By Saturday morning he was back online, this time hitting out at his critics.
“You go off Twitter for the rest of the day, come back the following morning and find all of the usual suspects have taken offence,” he tweeted.
Continuing the tirade on Monday, he commented on an article referring to his Twitter ban: “What ban? Keep up.
“I am sorry. I’m sorry there are so many po faced, humourless losers who have all, at some point in their dreary lives, told a joke that someone somewhere took offence to and are then hypocritical enough to join in a pile on like the sad poseurs they are.”
In a later post he added: “Apparently the poseurs are now attacking my Instagram account that I’ve never used. They are quite comical.
“Do you think they light a cigarette after they’ve wiped the spittle from their keyboard and removed the Caps lock?”
Numerous fellow public figures and comedians were quick to denounce his behaviour.
LBC presenter Natasha Devon tweeted: “Aside from Lee Hurst’s tweet being painfully unfunny, attention-seeking, creepy, inappropriate, heteronormative codswallop, it’s also emblematic of a cohort of middle aged men who genuinely seem to think they can solve the world’s problems with their genitals.”

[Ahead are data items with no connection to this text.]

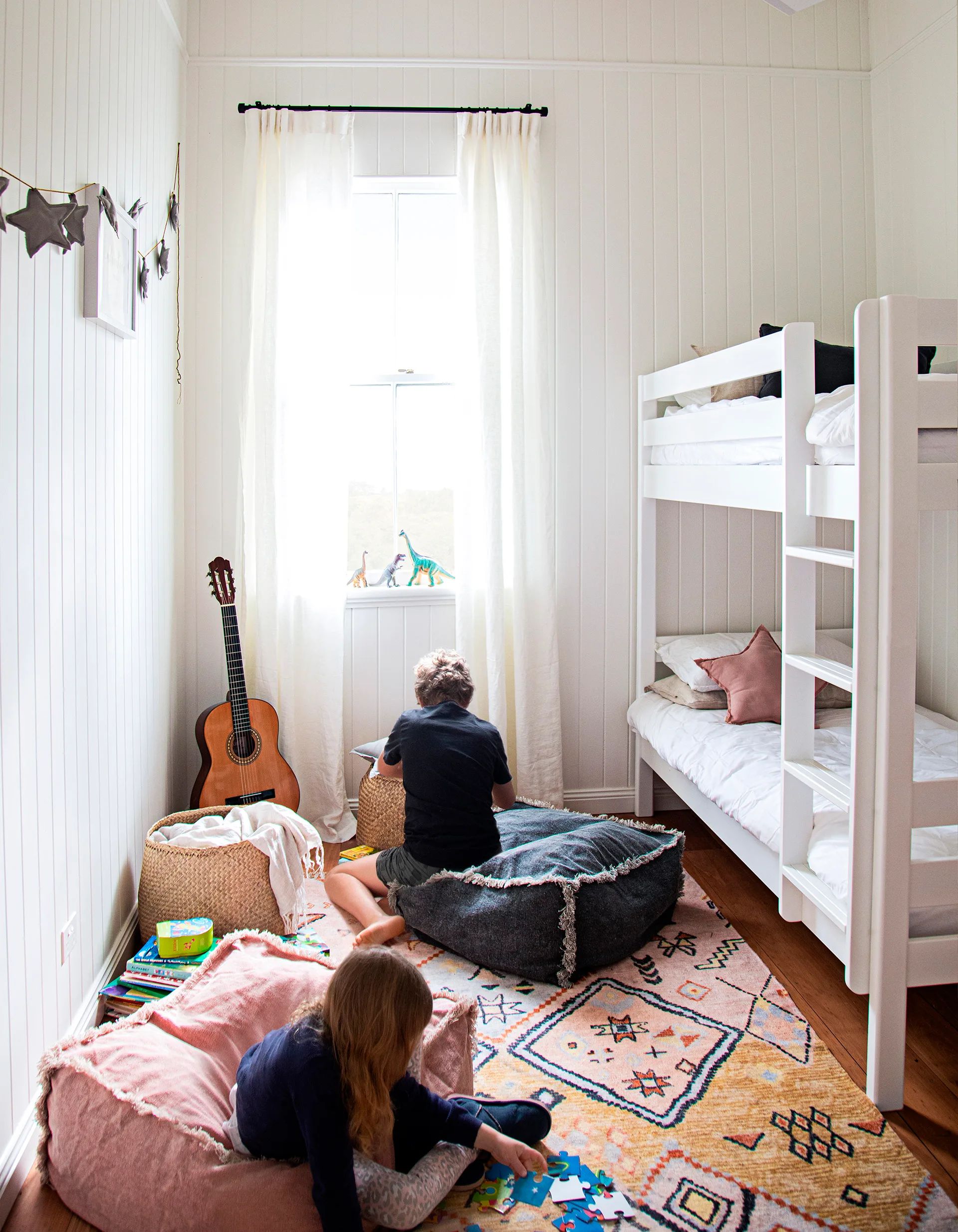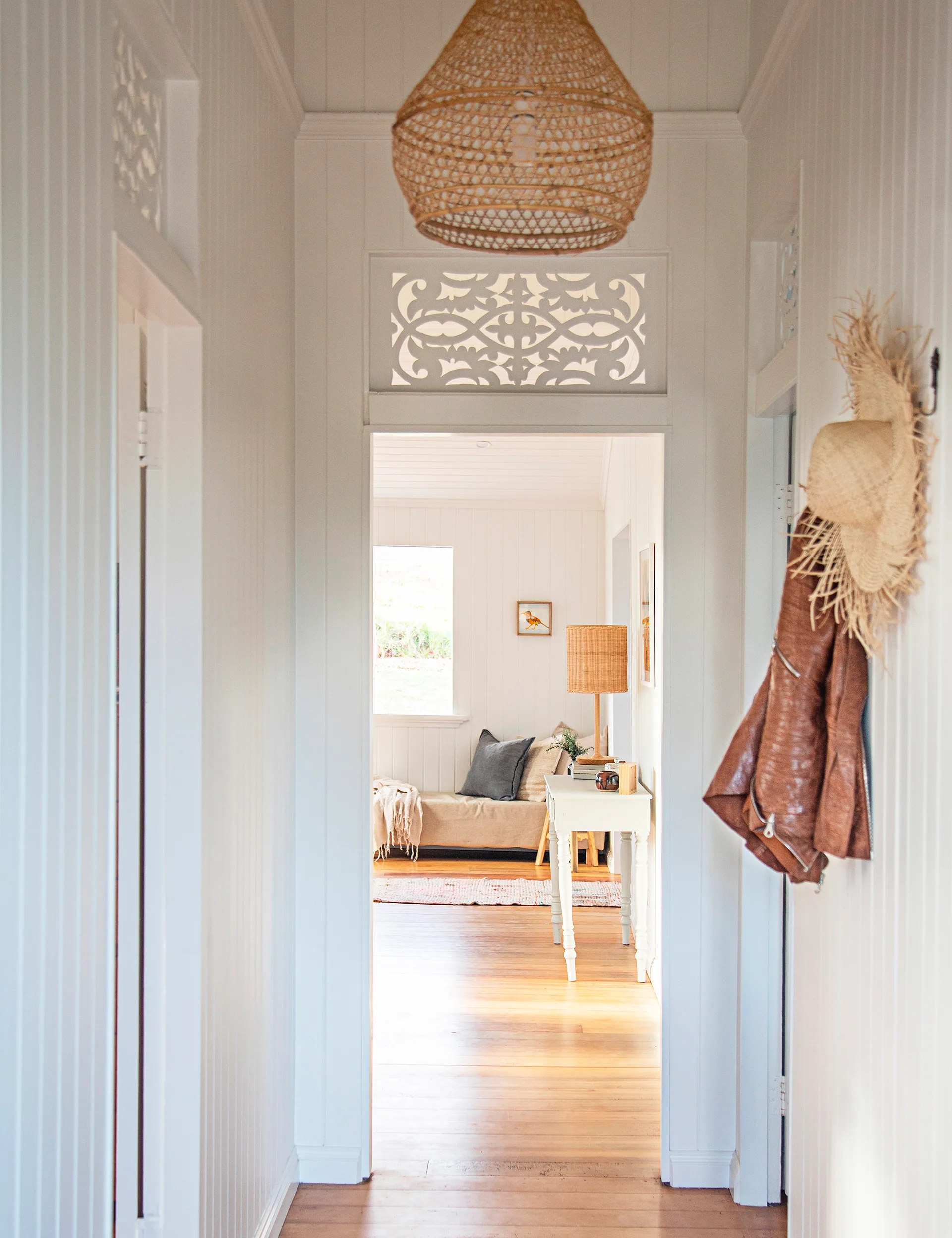 Julie says when they first inspected the three-bedroom house, her heart skipped a beat. “It was love at first sight,” she says. “It had tongue-and-groove panelling throughout, original hoop pine floorboards, original fretwork and ceiling roses… and the sweetest green casement windows.” It had been cut in half, its roof removed, and was ready to be relocated.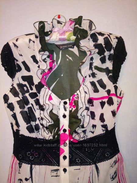 Фото1-4: Натуральная легкая блуза с рюшами и плетеным кружевом Jeanne D´Arc.б\у. в идеальном сост.-199 грн.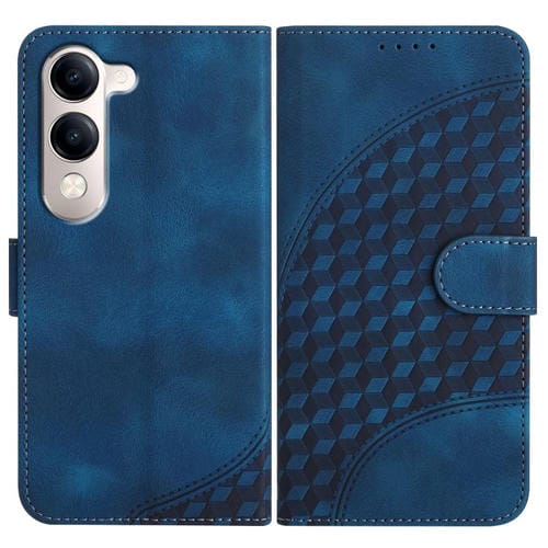 Funda de Cuero con Relieve de Cabeza de Elefante y Cordón para Vivo Y29S 5G / Y04 4G (Azul Real)

Award-winning comic David Baddiel wrote in a now-deleted post: “The reason that Lee Hurst is problematic isn’t because it carries underneath it a sense that women, as individuals, with political opinions, are erased by male sexual power. It’s problematic because it’s a s*** gag.”
And musician John Spiers said dismissively: “This should really end Lee Hurst’s career as a public figure and comedian ... sadly that is impossible because it already happened 25 years ago.”